‘Quad Witching’ Brings Volume Surge But Few Fireworks on S&P 500

(Bloomberg) -- An advance that sent stocks to record highs faded into the close as two major market events collided, spurring one of the year’s busiest trading days.

More than 10 billion shares changed hands on U.S. exchanges Friday, about 65 percent above the three-month average. The S&P 500 ended Friday little changed at 4 p.m. in New York, after initial gains failed to hold amid the quarterly event known as “quadruple witching” -- when futures and options on indexes and individual stocks expire.

The surge in volume wasn’t unexpected, but it was exacerbated by a wild card -- the largest revision to the Global Industry Classification Standard since 1999.

“If you’re an investor who got a long-term investment plan, this is not something you want to change your plan around. But if you’re doing it for a living, it’s certainly something you should be aware of,” Art Hogan, chief market strategist at B Riley FBR Inc., said by phone. “It’s a huge day.”

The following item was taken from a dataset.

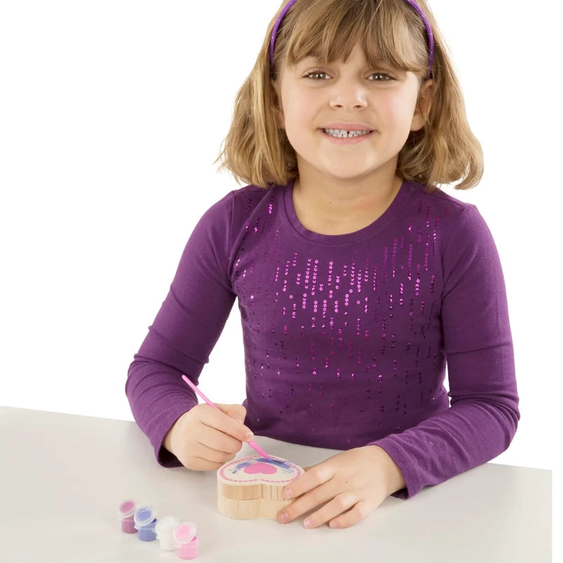 Kids can add their own creative touches to this wooden jewelry box!This kit includes a sturdy wooden heart-shaped box (7.87 x 3.56 x 7.366 cm) and everything you need to add your own unique personal touches to make an original craft inspired by you and your imagination! A perfect activity for parties or rainy days.Features printed details already on box.Engaging arts-and-crafts activity and lasting keepsake in one.Perfect as an individual project or a party activity and favor.Promotes fine motor skills, hand-eye coordination, and creative expression.-Includes: Wooden heart box, 12 gem stickers, 4 pots of paint, paintbrush, glitter glue, and white glue.

The anticipated spike in turbulence hit a market already roiled by rising trade tensions between the U.S. and China. The S&P 500 swung 0.5 percent a day this week, almost double the average in the previous month.

‘Quad Witching’ Brings Volume Surge But Few Fireworks on S&P 500

While the quadruple witching event normally coincides with index rebalancing, the scope of Friday’s shuffling is what set it apart. Index overseer S&P Global will merge some internet and media stocks with phone companies to form a new group called communication services after the close.

That’ll take Alphabet Inc., Facebook Inc. and Netflix Inc. out of their respective subsectors, forcing investors who track indexes based on the classification to shuffle money accordingly. With the quarterly rebalancing, UBS Group AG says the moves could force about $70 billion of trades Friday.

The last quadruple witching was June 15, and S&P 500 trading volume surged 75 percent to 3.5 billion shares from the previous month, data compiled by Bloomberg showed.

While trade-war anxiety and rising Treasury yields have contributed to wider market swings, investors should be careful not to read too much into this week’s move, as volatility tends to go up when fund managers try to adjust positions using new derivatives, said Russ Visch, a technical analyst at BMO Capital Markets in Toronto.

“Our sense is that the price action was exacerbated/amplified by the fact that this week is a ‘quadruple witching’ week and not the beginning of a major swoon in U.S. equities,” Visch wrote in a note to clients earlier this week.